Copy each line in the data that includes the word "under".
[Opening Source data section]
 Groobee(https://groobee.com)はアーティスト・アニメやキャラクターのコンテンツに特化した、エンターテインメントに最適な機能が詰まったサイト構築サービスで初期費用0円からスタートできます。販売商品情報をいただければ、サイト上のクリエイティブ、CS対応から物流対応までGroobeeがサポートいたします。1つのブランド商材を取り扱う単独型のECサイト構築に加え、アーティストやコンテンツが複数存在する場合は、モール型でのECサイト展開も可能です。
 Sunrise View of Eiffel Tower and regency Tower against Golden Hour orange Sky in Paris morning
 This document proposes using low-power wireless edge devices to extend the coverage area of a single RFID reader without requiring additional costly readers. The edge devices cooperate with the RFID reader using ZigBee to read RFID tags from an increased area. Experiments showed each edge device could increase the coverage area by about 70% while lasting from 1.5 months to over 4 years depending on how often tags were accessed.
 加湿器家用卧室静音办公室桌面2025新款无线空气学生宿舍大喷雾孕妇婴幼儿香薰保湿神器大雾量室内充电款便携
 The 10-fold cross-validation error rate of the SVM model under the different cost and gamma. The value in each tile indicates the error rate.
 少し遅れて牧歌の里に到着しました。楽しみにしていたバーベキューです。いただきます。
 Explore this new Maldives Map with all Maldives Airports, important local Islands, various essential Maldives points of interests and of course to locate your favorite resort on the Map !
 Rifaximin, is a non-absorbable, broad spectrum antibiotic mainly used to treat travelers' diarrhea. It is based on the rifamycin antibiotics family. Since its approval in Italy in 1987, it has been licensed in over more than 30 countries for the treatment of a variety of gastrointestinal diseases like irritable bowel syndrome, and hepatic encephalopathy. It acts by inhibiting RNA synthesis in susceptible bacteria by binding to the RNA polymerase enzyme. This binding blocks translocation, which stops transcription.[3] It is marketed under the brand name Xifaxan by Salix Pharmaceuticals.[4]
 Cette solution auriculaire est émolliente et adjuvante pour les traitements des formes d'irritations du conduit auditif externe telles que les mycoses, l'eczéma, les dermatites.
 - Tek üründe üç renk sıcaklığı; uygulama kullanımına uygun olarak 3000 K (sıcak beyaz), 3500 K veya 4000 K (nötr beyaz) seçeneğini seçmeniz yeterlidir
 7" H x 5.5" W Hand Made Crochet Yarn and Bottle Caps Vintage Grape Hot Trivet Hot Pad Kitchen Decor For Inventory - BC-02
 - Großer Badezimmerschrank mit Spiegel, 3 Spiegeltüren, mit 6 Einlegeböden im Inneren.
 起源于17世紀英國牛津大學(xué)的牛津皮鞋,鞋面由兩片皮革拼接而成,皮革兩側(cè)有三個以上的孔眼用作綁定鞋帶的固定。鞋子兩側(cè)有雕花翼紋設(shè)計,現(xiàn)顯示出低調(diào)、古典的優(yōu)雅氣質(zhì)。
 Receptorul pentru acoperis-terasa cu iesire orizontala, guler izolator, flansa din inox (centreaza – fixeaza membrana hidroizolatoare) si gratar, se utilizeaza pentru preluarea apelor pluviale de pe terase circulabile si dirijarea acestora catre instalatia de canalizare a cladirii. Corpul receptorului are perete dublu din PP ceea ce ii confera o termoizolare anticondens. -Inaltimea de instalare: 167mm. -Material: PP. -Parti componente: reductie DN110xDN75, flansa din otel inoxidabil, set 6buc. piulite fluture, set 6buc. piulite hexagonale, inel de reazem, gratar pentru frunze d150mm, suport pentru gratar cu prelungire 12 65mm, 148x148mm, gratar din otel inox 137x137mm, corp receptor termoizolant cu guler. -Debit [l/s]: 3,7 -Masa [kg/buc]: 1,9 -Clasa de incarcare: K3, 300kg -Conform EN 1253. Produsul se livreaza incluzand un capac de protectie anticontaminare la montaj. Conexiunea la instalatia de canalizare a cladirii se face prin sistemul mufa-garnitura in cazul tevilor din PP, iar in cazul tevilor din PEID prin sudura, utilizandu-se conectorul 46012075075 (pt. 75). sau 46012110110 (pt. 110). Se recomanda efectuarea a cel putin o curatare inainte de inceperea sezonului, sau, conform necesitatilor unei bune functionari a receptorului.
[Closing Source data section]
Answer area:
 The 10-fold cross-validation error rate of the SVM model under the different cost and gamma. The value in each tile indicates the error rate.
 Rifaximin, is a non-absorbable, broad spectrum antibiotic mainly used to treat travelers' diarrhea. It is based on the rifamycin antibiotics family. Since its approval in Italy in 1987, it has been licensed in over more than 30 countries for the treatment of a variety of gastrointestinal diseases like irritable bowel syndrome, and hepatic encephalopathy. It acts by inhibiting RNA synthesis in susceptible bacteria by binding to the RNA polymerase enzyme. This binding blocks translocation, which stops transcription.[3] It is marketed under the brand name Xifaxan by Salix Pharmaceuticals.[4]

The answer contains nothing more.